» **PROMPT**
What you return must be the full listing, word for word, with no images in it.

» **DATA BLOCK**
========================

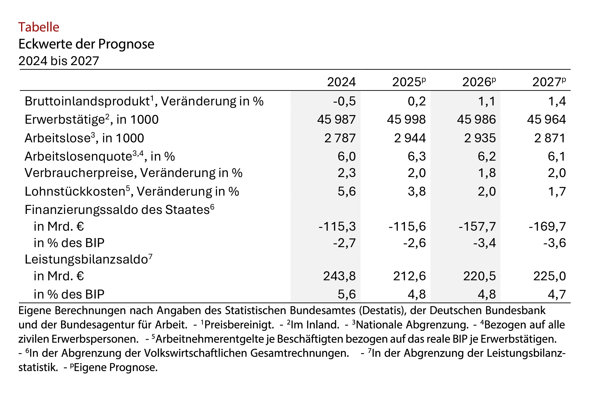 • Der Arbeitsmarkt stagniert: Die Arbeitslosenquote sinkt nur minimal von 6,3 Prozent (2025) auf 6,2 Prozent (2026) und 6,1 Prozent (2027). Die Beschäftigung stagniert bei rund 46 Millionen Erwerbstätigen und geht demografisch bedingt leicht zurück.
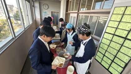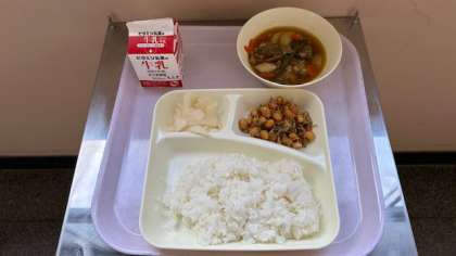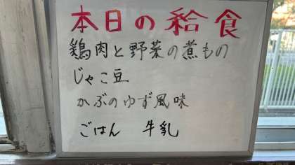今日の給食は、鶏肉と野菜の煮物、じゃこ豆、かぶのゆず風味です。
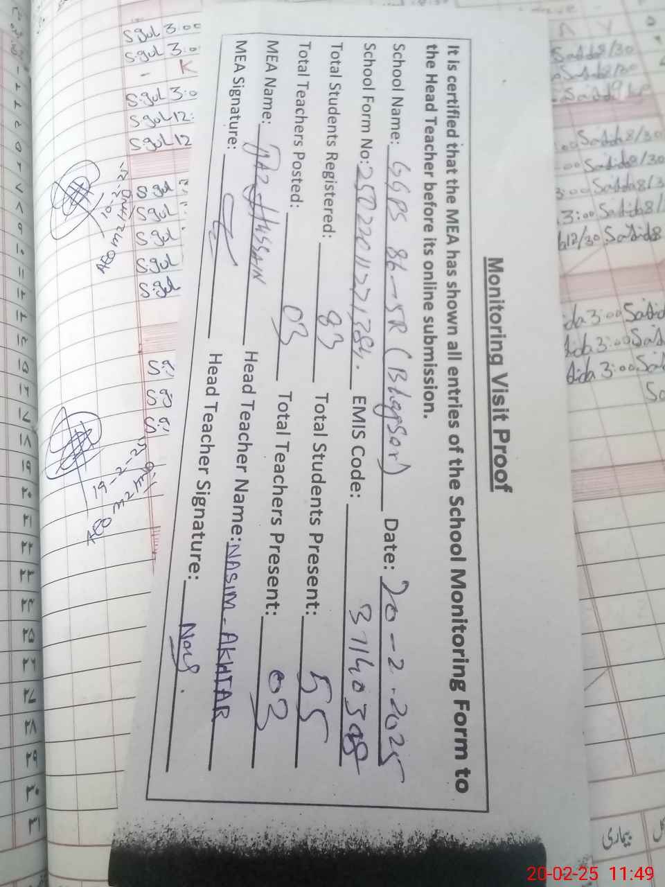 | EMIS Code: 31140308 | Name of School: GGPS CHAK NO 86/5-R BHAGSAR | |||

========================

» **TASK OUTPUT**
 • Der Arbeitsmarkt stagniert: Die Arbeitslosenquote sinkt nur minimal von 6,3 Prozent (2025) auf 6,2 Prozent (2026) und 6,1 Prozent (2027). Die Beschäftigung stagniert bei rund 46 Millionen Erwerbstätigen und geht demografisch bedingt leicht zurück.
今日の給食は、鶏肉と野菜の煮物、じゃこ豆、かぶのゆず風味です。
 | EMIS Code: 31140308 | Name of School: GGPS CHAK NO 86/5-R BHAGSAR | |||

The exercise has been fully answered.